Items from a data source
'''

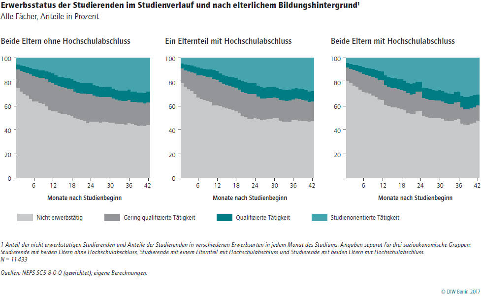 Studierende sind häufig nicht nur deshalb nebenbei erwerbstätig, weil sie sich etwas hinzuverdienen wollen oder müssen. Studienorientierte und qualifizierte Tätigkeiten bieten die Möglichkeit, praktische Erfahrungen zu sammeln und frühzeitig Kontakte zu potentiellen späteren Arbeitgebern zu knüpfen. So kann ein Nebenjob nach dem Studium die Chancen auf dem Arbeitsmarkt verbessern. Umso wichtiger ist die Frage, ob der sozioökonomische Hintergrund der Studierenden, etwa die Bildung ihrer Eltern, eine Rolle für die studentische Erwerbstätigkeit spielt – denn das könnte dazu führen, dass sich soziale Unterschiede während des Studiums aufgrund des Nebenjobs verfestigen. Insbesondere mit Blick auf die Sozial-, Geistes- und Wirtschaftswissenschaften erscheint die Frage, wer welcher Art von Studentenjobs nachgeht, entscheidend. Denn Studierende dieser Disziplinen steuern weniger auf einen konkreten Beruf zu, anders als beispielsweise Jura-, Medizin- oder LehramtsstudentInnen. Die DIW-Studie zeigt allerdings, dass bei den weniger berufsorientierten Studienfächern Studierende mit Akademikereltern keine höhere Wahrscheinlichkeit haben, einem qualifizierten und studienbezogenen Nebenjob nachzugehen.
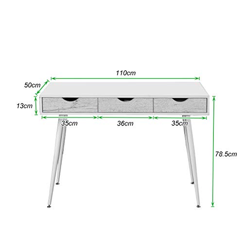 DlandHome Scrivania Ufficio con 3 Cassetti 110x50cm Scrivania PC Computer Tavolo da Studio Casa in Legno Tavolo con Scaffale,DEU-GCBG1016
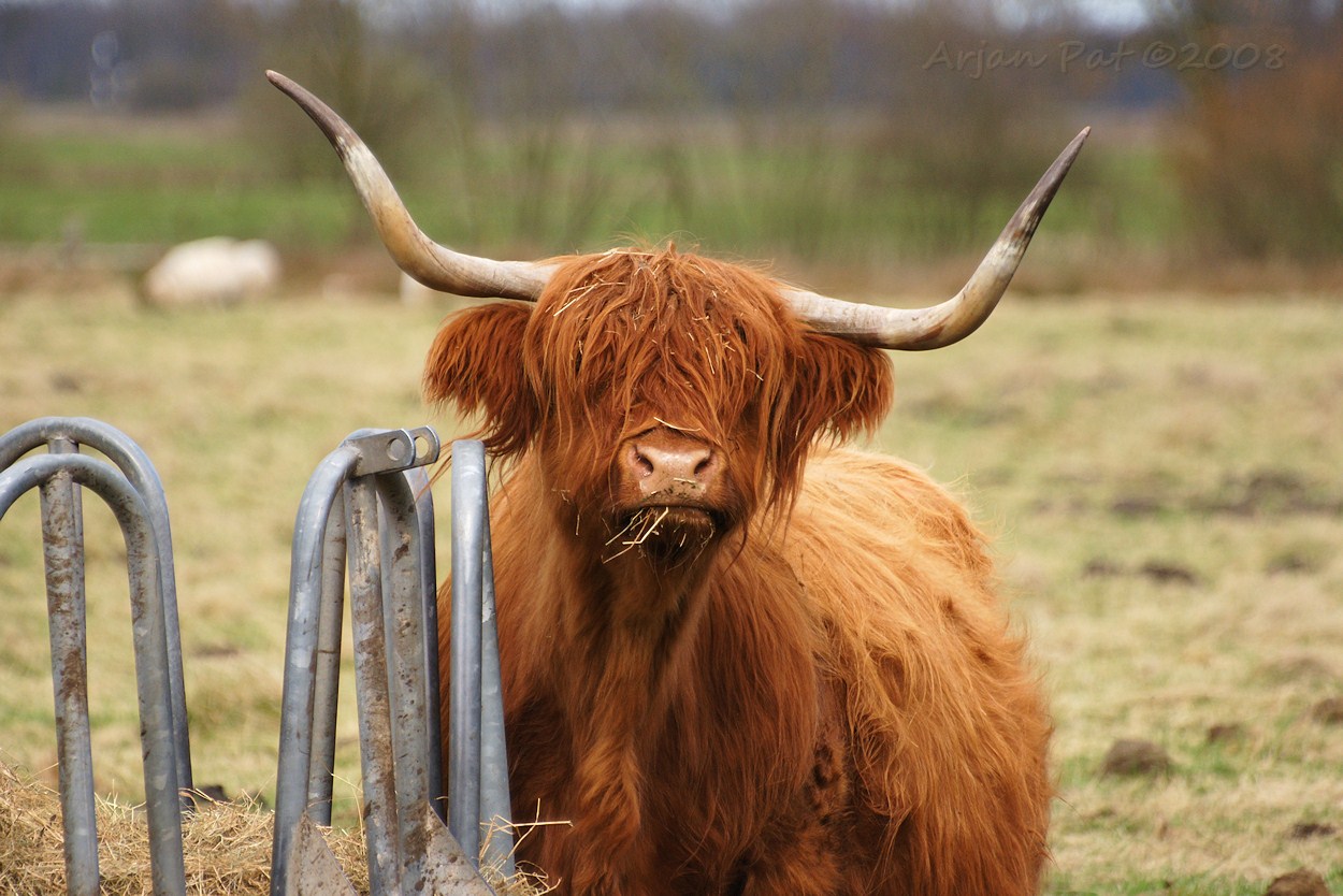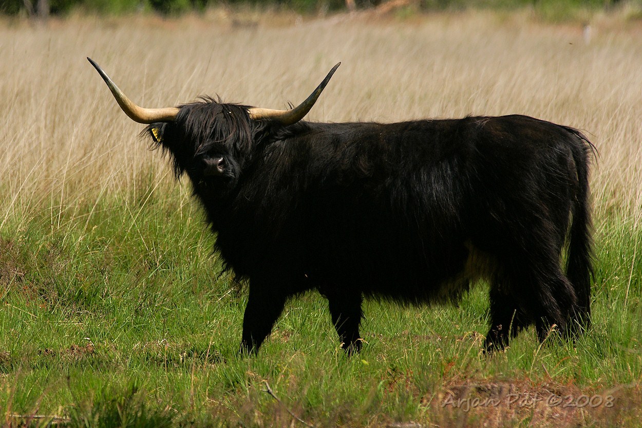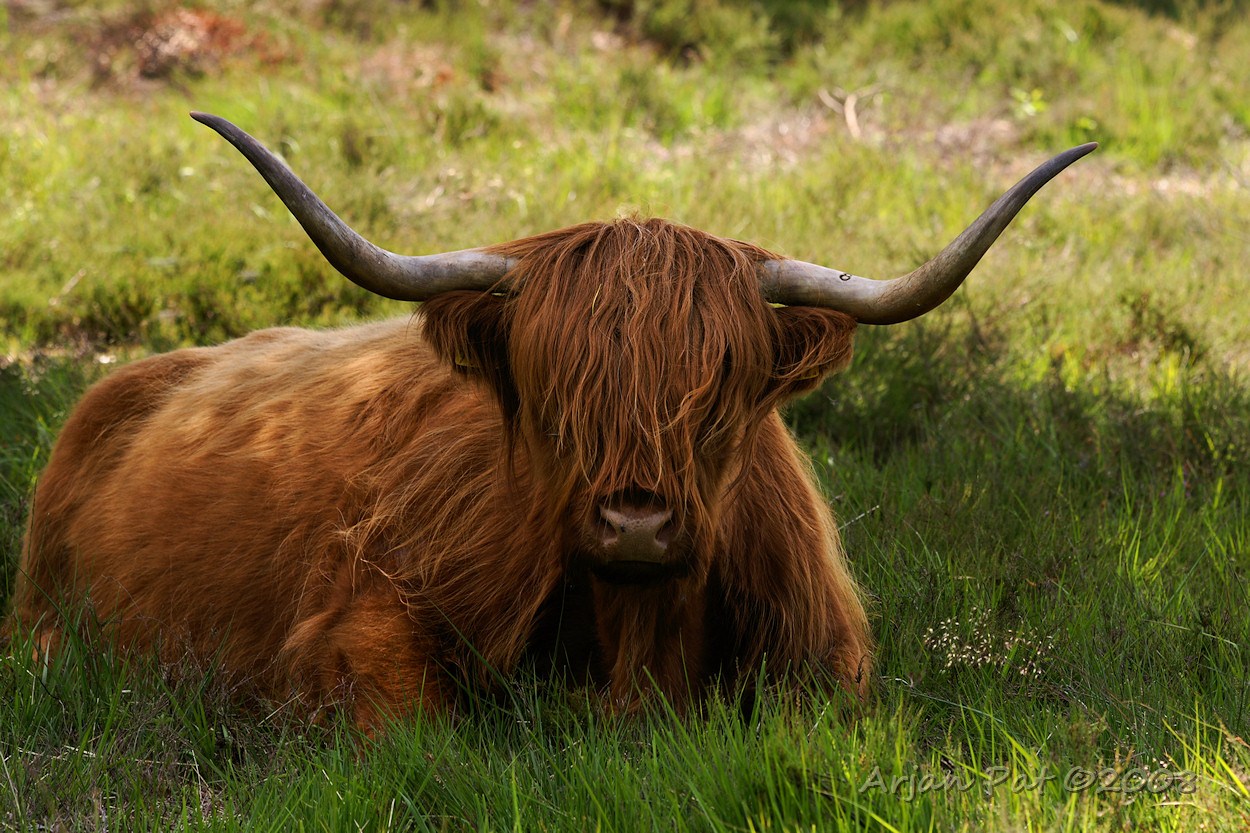 Schotse hooglander herkauwend in de schaduw van een Grove den, midden op de hei.
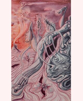Diese Malerei entstand aus dem Interesse an carnivorischen Pflanzen heraus in Verbindung mit sexuellen Aspekten. Allein schon der Name der Venusfliegenfalle lässt Rückschlüsse ziehen zur römischen Gottheit der Liebe, des Verlangens und der Schönheit. Ich wollte eine botanische Venus schaffen mit geschwungenen, sinnlichen Formen , als lockender und doch gefährlicher Organismus, der einen einmal in seinen Bann gezogen, vielleicht nie wieder gehen lässt.
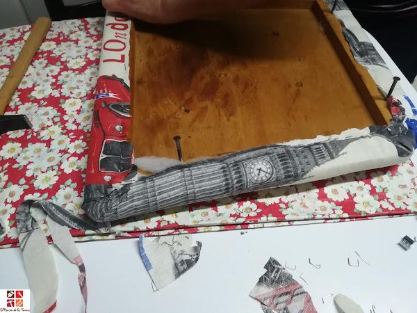 Y grapar y grapar dejando la tela tirante y sin arrugas.
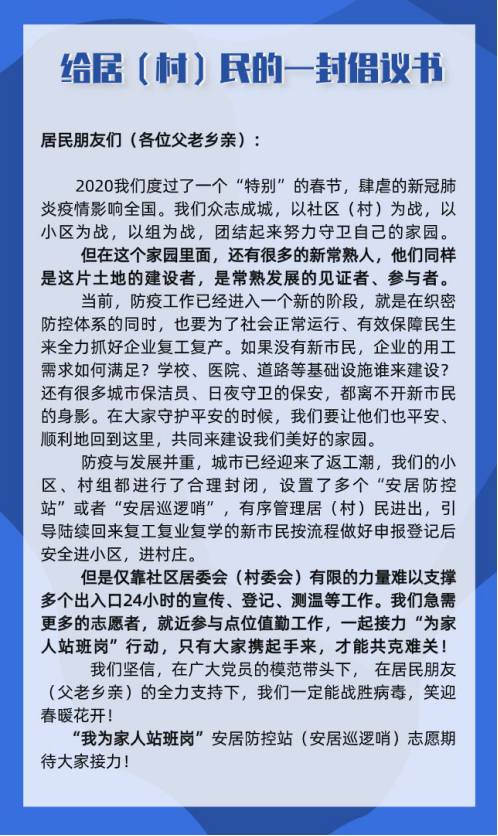 随着返常复工人员不断增多,为加强防控管理,社区制作“临时出入证”发放给居民以及符合防疫规定的来常(返常)人员,便于道口值勤人员核对,缩短查验时间提高通行效率,保障返常人员顺利进入小区(村庄)。
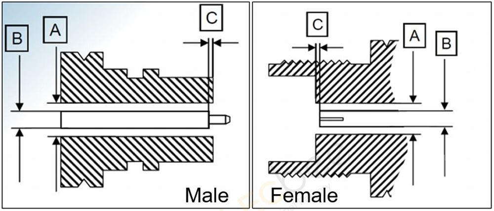 The outer diameter of the center conductor (combined with the inner diameter of the outer conductor, the impedance of the joint can be determined)
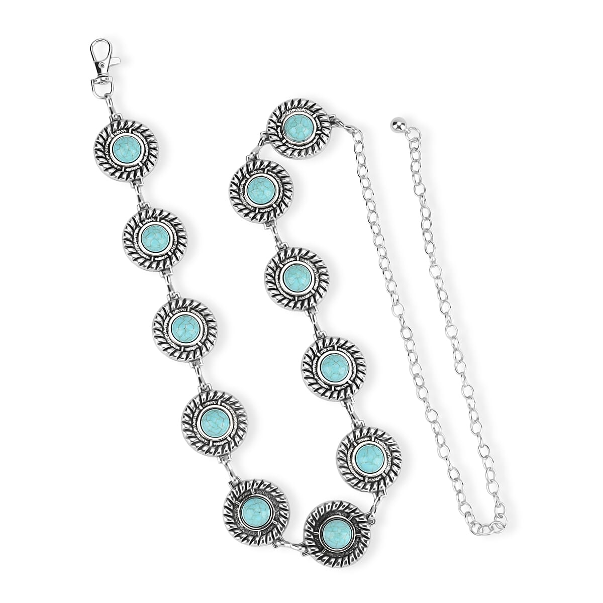 Tamsy Silvertone Large Bohemian Design Concho Belt
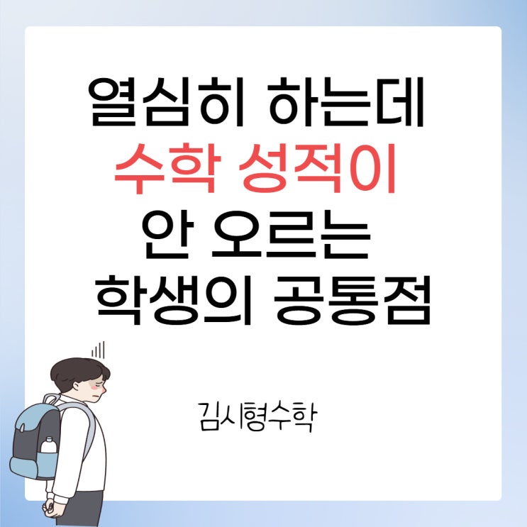 안녕하세요? 강동구 수학학원 소수정예 원장 직강으로 꼼꼼하게 지도하는 김시형수학입니다. 상담 중에 학부모님들께 상담 중 가장 자주 듣는 말이 있습니다. “문제집은 정말 많이 풀어요.” “개념서도 했고, 유형서도 했고, 심화도 시켰는데 점수가 안 올라요.” 사실 이 말속에는 지금 많은 학생들이 겪고 있는 수학 공부의 핵심 문제가 그대로 담겨 있습니다. 문제는 노력 부족이 아닙니다. 공부 방법의 구조에 있습니다. 수학 성적이 오르지 않는 진짜 이유 ‘난이도 사이의 간격’을 그대로 뛰어넘기 때문입니다 대부분 학생들의 수학 공부 흐름은 비슷합니다. 개념서, 유형 문제집, 심화 문제집 겉으로 보면 아주 정상적인 순서입니다. 하....... <img src="https://blogthumb.pstatic.net/MjAyNTEyMTNfMTk4/MDAxNzY1NjIyMjM4MTU5.1xTFB8pTmQ0-hwstpflK8wwHVgYp9WgIX90dGCRcLSEg.oVD1p53wTbuhswdeW1Yq1tHQOdNk8o25dHticbjJ_c8g.JPEG/%C1%A6%B8%F1%C0%BB_%C0%D4%B7%C2%C7%CF%BC%BC%BF%E4_%2838%29.jpg?type=s3" />
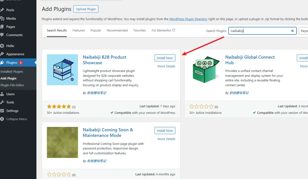 在WordPress后台插件仓库搜索”naibabiji“即可找到它啦!
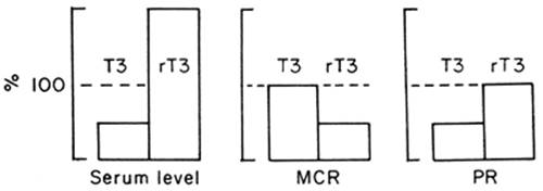 FIGURE 11D.2. Effect of nonthyroidal illness on serum concentrations, metabolic clearance rate (MCR), and production rate (PR) of triiodothyronine (T3) and reverse T3 (rT3; expressed as a percentage of the values in normal subjects). (From Doctor R, Krenning EP, de Jong M, et al. The sick euthyroid syndrome: changes in thyroid hormone serum parameters and hormone metabolism. Clin Endocrinol (Oxf) 1993;39:499, with permission.)
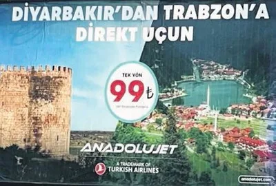 Diyarbakır-Trabzon uçuşları başlamış... Salı... Cumartesi... "99 lira." Diyarbakır-Kıbrıs uçuşları başlamış.
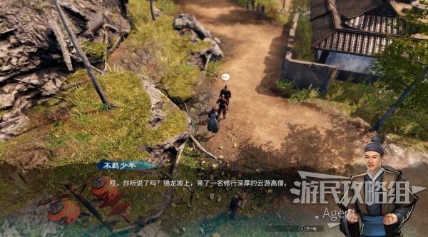 店小二附近两人在谈论,锦龙坡上有高僧。
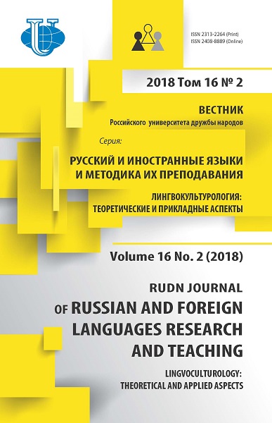 Том 16, № 2 (2018): ЛИНГВОКУЛЬТУРОЛОГИЯ: ТЕОРЕТИЧЕСКИЕ И ПРИКЛАДНЫЕ АСПЕКТЫ
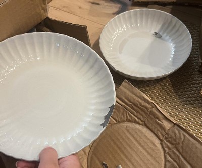 Update your dining setting with the pieces from this Scalloped Stoneware Collection from Hearth & Hand™ with Magnolia. From dinner and salad plates to serving and pasta bowls to spoon rests and more, this dinnerware collection features a variety of items showcasing scalloped rims and a glossy cream hue to bring functional style to your mealtimes. Great for everyday dining as well as special occasions, the pieces in this set are also microwave and dishwasher safe for added convenience.
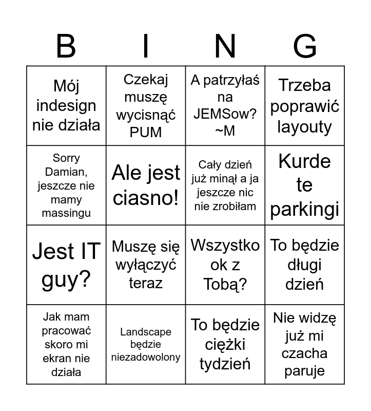 This bingo card has 16 words: Landscape będzie niezadowolony, To będzie długi dzień, A patrzyłaś na JEMSow? ~M, Mój indesign nie działa, Jest IT guy?, Czekaj muszę wycisnąć PUM, Wszystko ok z Tobą?, To będzie ciężki tydzień, Sorry Damian, jeszcze nie mamy massingu, Ale jest ciasno!, Jak mam pracować skoro mi ekran nie działa, Trzeba poprawić layouty, Muszę się wyłączyć teraz, Kurde te parkingi, Cały dzień już minął a ja jeszcze nic nie zrobiłam and Nie widzę już mi czacha paruje.
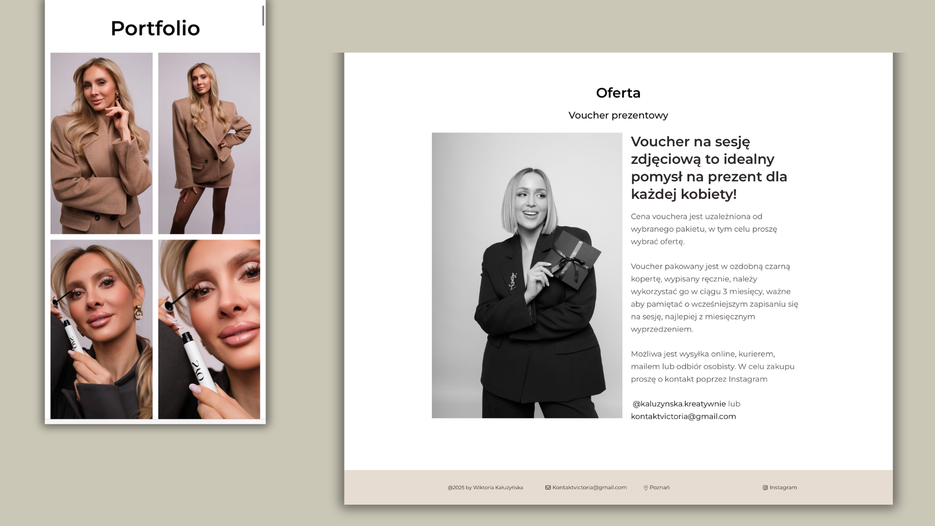 Dzięki tym elementom witryna nie tylko stanowi doskonałą wizytówkę artystyczną, ale również wzmacnia wizerunek Victorii Kałużyńskiej jako ekspertki, która pomaga kobietom opowiedzieć ich historię poprzez obraz, łącząc pasję do mody z biznesową skutecznością.

'''

* Work required *
If a picture sits between the line containing "DlandHome Scrivania Ufficio" and the line containing "Y grapar y grapar", leave it out, and return the lines of that range above exactly, both ends included.

* Your solution *
 DlandHome Scrivania Ufficio con 3 Cassetti 110x50cm Scrivania PC Computer Tavolo da Studio Casa in Legno Tavolo con Scaffale,DEU-GCBG1016
 Schotse hooglander herkauwend in de schaduw van een Grove den, midden op de hei.
Diese Malerei entstand aus dem Interesse an carnivorischen Pflanzen heraus in Verbindung mit sexuellen Aspekten. Allein schon der Name der Venusfliegenfalle lässt Rückschlüsse ziehen zur römischen Gottheit der Liebe, des Verlangens und der Schönheit. Ich wollte eine botanische Venus schaffen mit geschwungenen, sinnlichen Formen , als lockender und doch gefährlicher Organismus, der einen einmal in seinen Bann gezogen, vielleicht nie wieder gehen lässt.
 Y grapar y grapar dejando la tela tirante y sin arrugas.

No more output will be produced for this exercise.